Résistances : amorçage, durée de vie et remplacement

Mis à jour le 31 août 2026
cigarette electronique ego

Une cigarette électronique ne tombe presque jamais en panne. Ce qui lâche, c’est la résistance, cette petite pièce consommable qu’on visse dans le réservoir et qu’on oublie. Quand un client nous rapporte un matériel qui a pris un goût de brûlé au bout de dix jours, le problème est là neuf fois sur dix, et neuf fois sur dix la résistance a été montée sans amorçage. C’est la première cause d’abandon chez ceux qui débutent, largement devant le choix du taux de nicotine ou de l’arôme.

Ce qu’il y a réellement dans une résistance

Une résistance, c’est un fil métallique ou une grille en mesh enroulée autour d’un morceau de coton, le tout enfermé dans un petit corps métallique percé d’ouvertures latérales. Le coton se gorge de liquide par ces ouvertures. Quand vous tirez ou que vous appuyez sur le bouton, la batterie envoie du courant dans le fil, le fil chauffe, le liquide contenu dans le coton passe en vapeur. Le circuit s’arrête là.

La pièce qui s’use, c’est le coton. À chaque bouffée il se vide, puis se recharge par capillarité. Les arômes et les édulcorants laissent des dépôts noirs sur le fil et cuisent dans les fibres. Une résistance usée ne se répare pas, elle se remplace : c’est un budget récurrent à intégrer dès l’achat du matériel.

Selon le format, la pièce ne se présente pas de la même façon. Sur un pod, la résistance est souvent intégrée à la cartouche, on jette l’ensemble. Sur un clearomiseur de kit tube ou de box, elle se dévisse et se remplace seule, ce qui coûte moins cher à l’usage. Si ce vocabulaire ne vous parle pas encore, notre page qui démêle les formats de matériel pose les définitions avant d’aller plus loin.

Ohms et watts : ce que les chiffres changent

La valeur gravée sur la résistance s’exprime en ohms. Plus elle est basse, plus le courant passe facilement, plus la chauffe est rapide et plus la vapeur est abondante. Une valeur basse consomme aussi beaucoup plus de liquide et vide la batterie plus vite.
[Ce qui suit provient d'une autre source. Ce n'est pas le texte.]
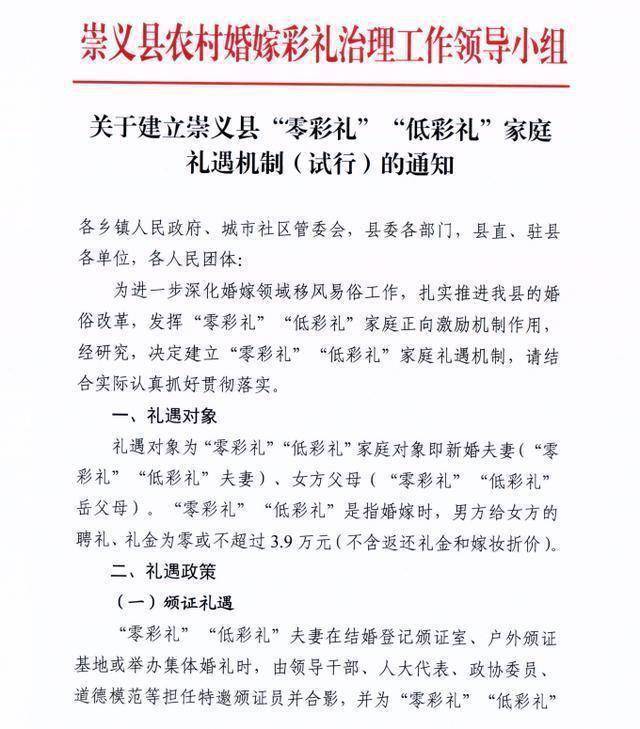 据崇义县官方公布的信息显示,礼遇对象需要是“零彩礼”“低彩礼”家庭对象即新婚夫妻、女方父母。“低彩礼”的标准指的是婚嫁时,男方给女方的聘礼、礼金为零或不超过3.9万元。

Au-dessus de 1 ohm, on est en tirage indirect, dit MTL, celui qui reproduit la façon de tirer sur une cigarette. En dessous de 0,5 ohm, on passe en tirage direct, où l’on aspire la vapeur directement dans les poumons.
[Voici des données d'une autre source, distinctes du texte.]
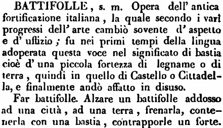 Battifolle - s. m. Opera dell'antica fortificazione italiana, la quale secondo i vari progressi dell'arte cambiò sovente d'aspetto e d'uffizio; fu nei primi tempi della lingua adoperata questa voce nel significato di bastia cioè d'una piccola fortezza di legname o di terra, quindi in quello di Castello o Cittadella, e finalmente andò affatto in disuso.

Valeur Type de tirage Puissance courante Liquide adapté Consommation de liquide
1,0 à 1,6 ohm Indirect serré (MTL) 8 à 14 W 50/50, sels de nicotine, taux élevé 2 à 4 ml par jour
0,6 à 0,8 ohm Indirect aéré 14 à 22 W 50/50 ou 60/40 4 à 6 ml par jour
0,3 à 0,5 ohm Direct restrictif 25 à 40 W 70/30, taux de nicotine bas 6 à 10 ml par jour
0,15 à 0,25 ohm Direct (sub-ohm) 50 à 90 W 70/30 ou plus riche en VG, 3 mg/ml maximum 8 à 15 ml par jour

Ce tableau explique à lui seul la moitié des mauvaises expériences. Un fumeur qui démarre a besoin d’une résistance au-dessus de 1 ohm et d’un liquide en sels de nicotine assez dosé. S’il monte le même liquide à 20 mg/ml sur une résistance sub-ohm, il encaisse en trois bouffées la nicotine prévue pour trente, et il finit avec des vertiges et la nausée. Le sub-ohm se pratique avec des taux bas, autour de 3 mg/ml, et jamais autrement. Rappelons au passage que la réglementation européenne plafonne les liquides nicotinés à 20 mg/ml, les flacons à 10 ml et les réservoirs à 2 ml.
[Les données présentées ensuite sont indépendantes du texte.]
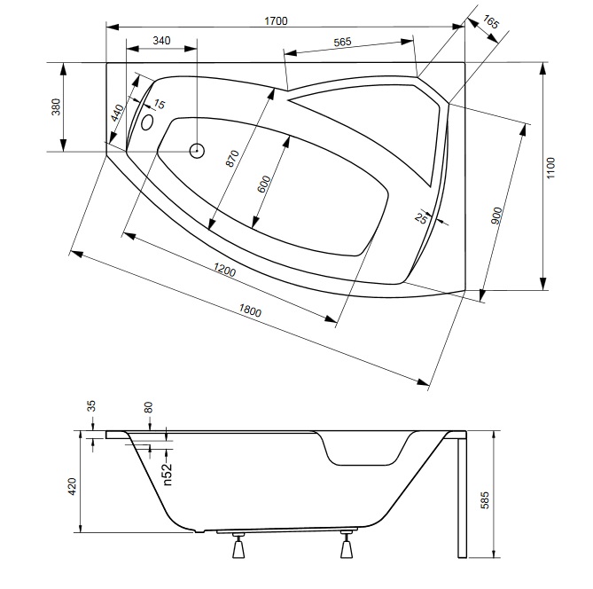 Besco Rima Wanna asymetryczna Prawa 170x110 biała WAR-170-NP

L’amorçage : cinq minutes qui décident de tout

Une résistance neuve a le coton sec. Si vous la montez, remplissez et tirez tout de suite, le fil chauffe un coton à moitié imbibé et le carbonise. C’est irréversible, la résistance est bonne à jeter avant sa première vraie bouffée. L’amorçage évite exactement ça.

  • Déposez quelques gouttes de liquide sur le coton visible par les ouvertures latérales, jusqu’à ce qu’il change de couleur, et deux ou trois gouttes dans la cheminée centrale.
  • Montez la résistance, puis remplissez le réservoir ou la cartouche.
  • Attendez. Cinq minutes pour une grosse résistance à ouvertures larges, dix minutes pour une fine résistance MTL, un peu plus avec un liquide riche en glycérine. Le coton doit être détrempé, pas juste humide.
  • Tirez trois ou quatre fois sans déclencher la chauffe, bouton relâché, pour appeler le liquide dans les fibres.
  • Démarrez au bas de la plage de puissance imprimée sur la résistance, puis montez de un ou deux watts à la fois pendant les premières bouffées.

Sur un pod à cartouche préremplie, le principe tient même s’il n’y a rien à visser : on clipse et on laisse reposer quelques minutes. Deux minutes d’attente valent mieux qu’une cartouche perdue.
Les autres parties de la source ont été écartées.